Внезапно Хеллер бросил исполненный ненависти взгляд на Карамору. Последний ответил ему тем же. Эдуард Цоттер вытаращился на обоих. Потом все стали смотреть друг на друга, и песня оборвалась.
— Ну?
— Ну?
Ганс Хеллер, повсюду слывший славным парнем, заскрежетал зубами, точно в кирпичи вгрызался.
— Ты, негодяй! — крикнул он Караморе. — Лодырь проклятый! Бродяга!
И они сцепились.
(Существуют горы, зеленеющие и мирные. Птицы вьют там гнезда на деревьях; на лугах пасутся тучные стада. Так хорошо вздремнуть там в жаркий полдень. Но вдруг что-то начинает клокотать в их недрах, они выбрасывают высоко к небу обломок скалы, и вот уже на землю извергается огромный поток лавы — ненависть, что тлела под земной корой.)
Падают стулья. Стаканы разбиваются вдребезги. Паула Пок — она сняла туфли, чтобы немного проветрить вспотевшие ноги, — испускает пронзительный протяжный крик, который как ножом перерезает «народное единение». Под высоко поднятые ноги, под задравшиеся юбки дам подкатывается тугой клубок, которым стали оба парня. Если бы Укрутник не разнял их, несколькими ударами кулака не лишил обоих боеспособности, они с наслаждением размозжили бы друг другу головы. Но сейчас они, тяжело дыша, приземляются на скамейки, срыгивают излишек пива и вина, а потом приводят в порядок волосы и одежду: дурацкая потасовка, ничего больше!

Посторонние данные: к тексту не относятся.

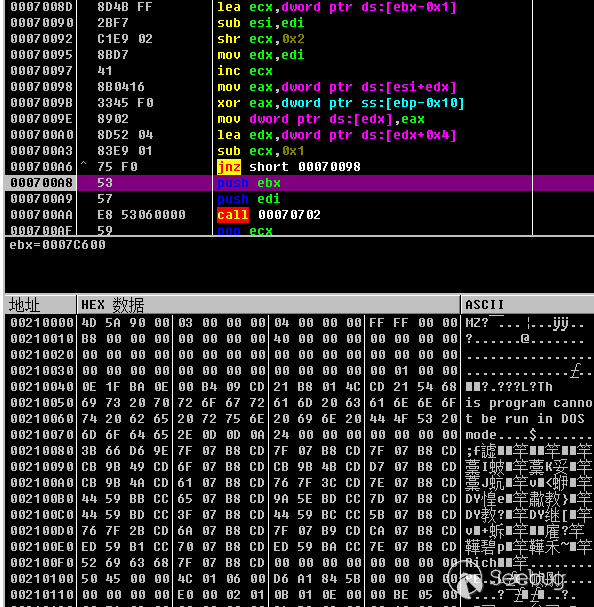 最后內存執行解密后的PE文件:
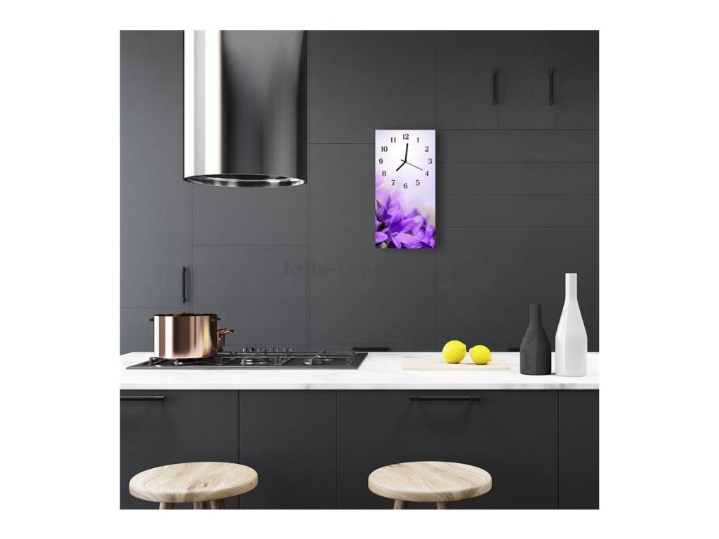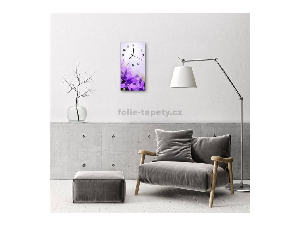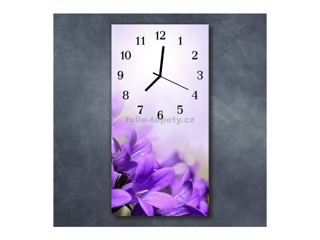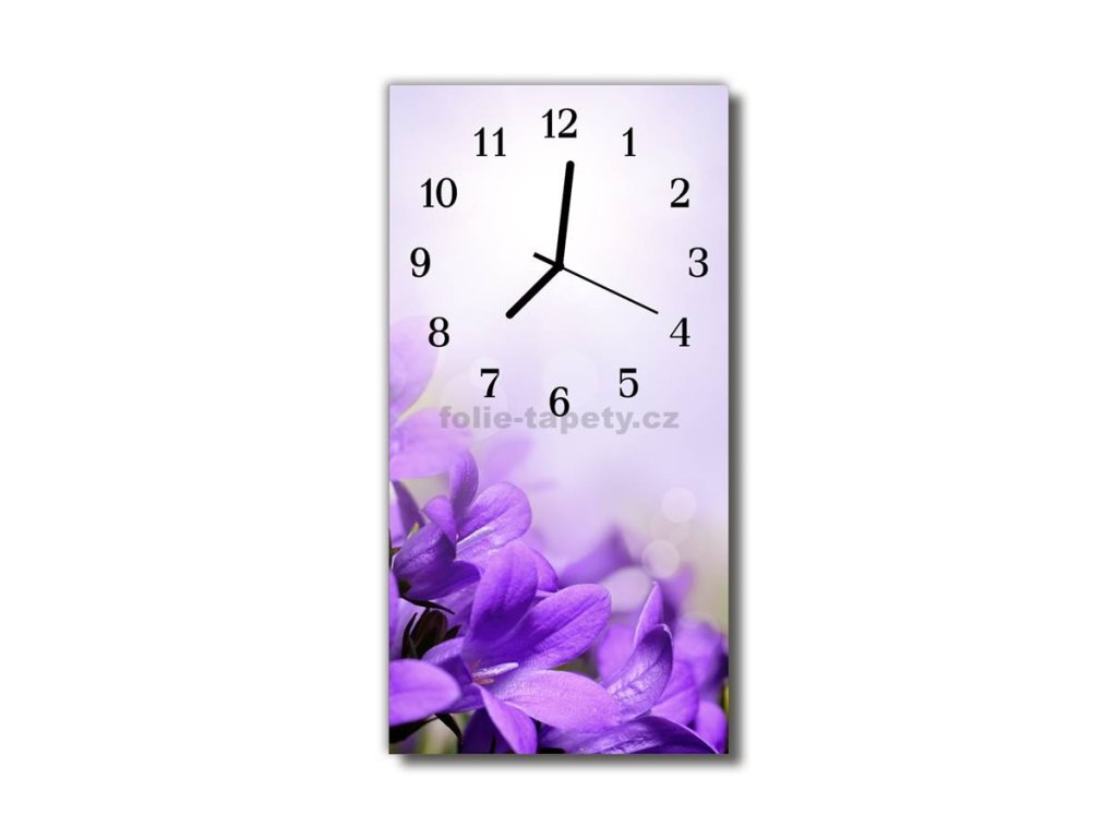 Nástěnné hodiny obrazové na skle - Fialové zvonky
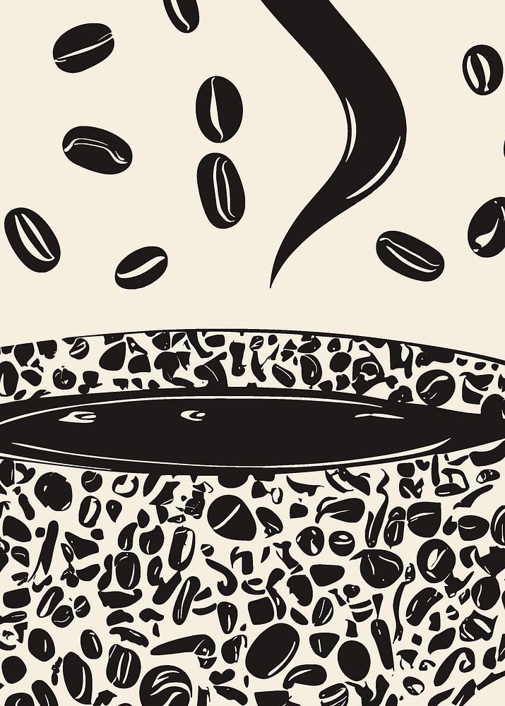 Cette image impressionnante montre une tasse de café stylisée, formée d'une multitude de grains de café, représentant une tasse de café chaud. Un nuage de vapeur s'élève au-dessus de la tasse, symbolisant l'odeur du café fraîchement préparé. Des grains de café isolés flottent autour de la tasse, ce qui donne au motif un aspect vivant et dynamique. Le contraste des éléments noirs sur le fond beige confère à l'image une élégance intemporelle et s'adresse particulièrement aux amateurs de motifs de café minimalistes et stylés.

Тем не менее драка послужила сигналом к уходу. Одним из первых зал покинул Ганс Хеллер. Вслед за ним, усталая и хмурая, поплелась парикмахерша. В подворотне она остановилась, пожала плечами, сгорбила свою узкую спину, а руки скрестила под грудью. Испугалась она чего-нибудь? И мороз пробежал у нее по коже? Может, живот схватило! — думал матрос. Он все стоял на том же самом месте (уже без луны; она как раз скрылась за трубой) и шевелил пальцами в башмаках, иначе они бы совсем заснули. Но вдруг сделал несколько маленьких шажков, так, для пробы. Он совсем не хотел, чтобы его опять обнаружили, не хотел снова возбуждать подозрения.
Или, продолжал он размышлять, она боится ночи? Может, совсем позабыла за танцами, что на дворе ее поджидает ночь!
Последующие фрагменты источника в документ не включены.